Century Dictionary and Cyclopedia
- n. In ancient Rome, one of a body of 105 (called in round numbers 100) judges, 3 from each of the 35 tribes, appointed to decide common causes among the people. The office of the centumvirs was annual, the presidency of the tribunal belonging to the pretor. The court sat in the Julian basilica, in four sections, each presided over by a decemvir or an exquestor. Under the empire their number was increased to 180, or perhaps more.
- n. historical One of a court of about 100 judges chosen to try civil suits. Under the Empire the court was increased to 180, and met usually in four sections.
GNU Webster's 1913
- n. (Rom. Hist.) One of a court of about one hundred judges chosen to try civil suits.
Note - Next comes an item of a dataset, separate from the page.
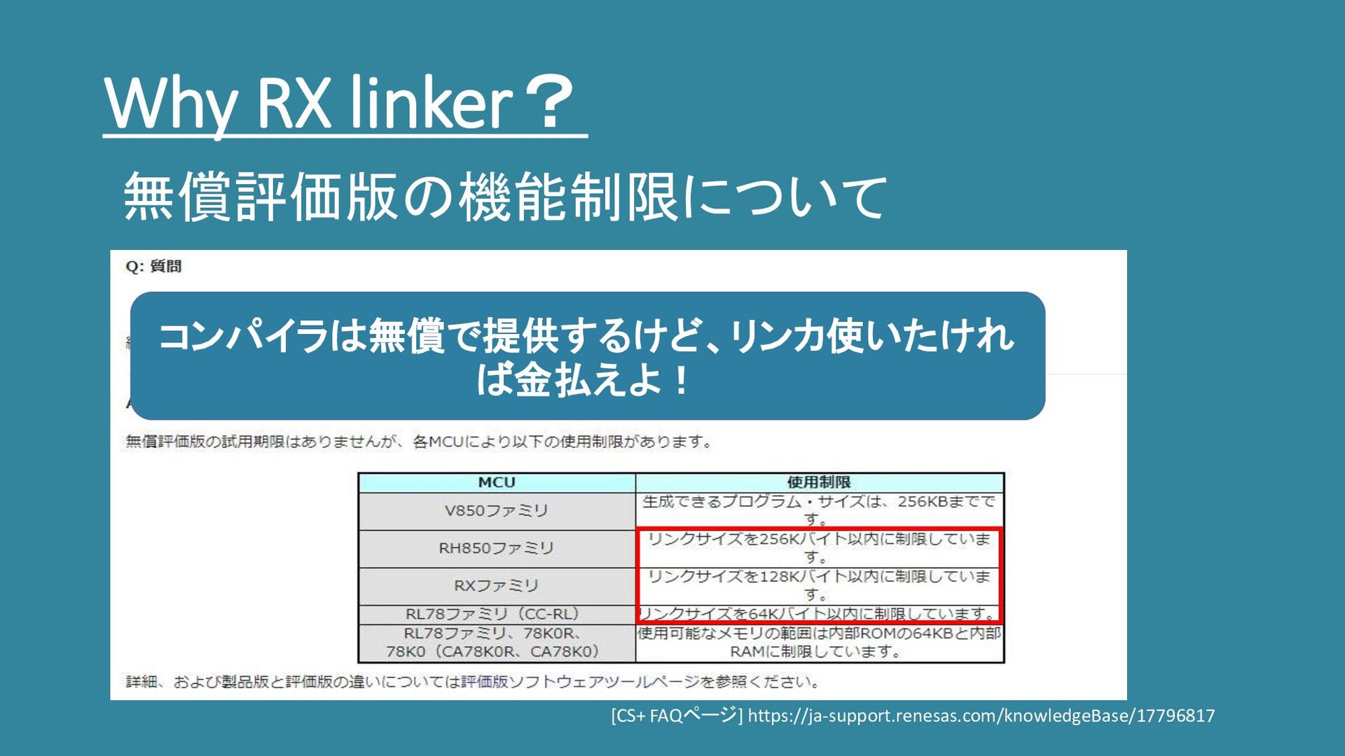 Why RX linker? [CS+ FAQページ] https://ja-support.renesas.com/knowledgeBase/17796817 無償評価版の機能制限について コンパイラは無償で提供するけど、リンカ使いたけれ ば金払えよ!

Under the empire the court was increased to 180, and met usually in four sections.
- Latin, from centum hundred + vir man. (Wiktionary)
“He also spent some time in Sicily, and returned to Rome probably at the age of 23 or 24, where he allowed himself to be nominated _triumvir capitalis, decemvir litibus iudicandis_, and _centumvir_, in quick succession.”
“He could not conceive how it happened that, in a former Congress, they had been so blind to the magic of numbers as to overlook the number 100, notwithstanding which one of that body signed himself centumvir, as one of the number of whom that council was composed.”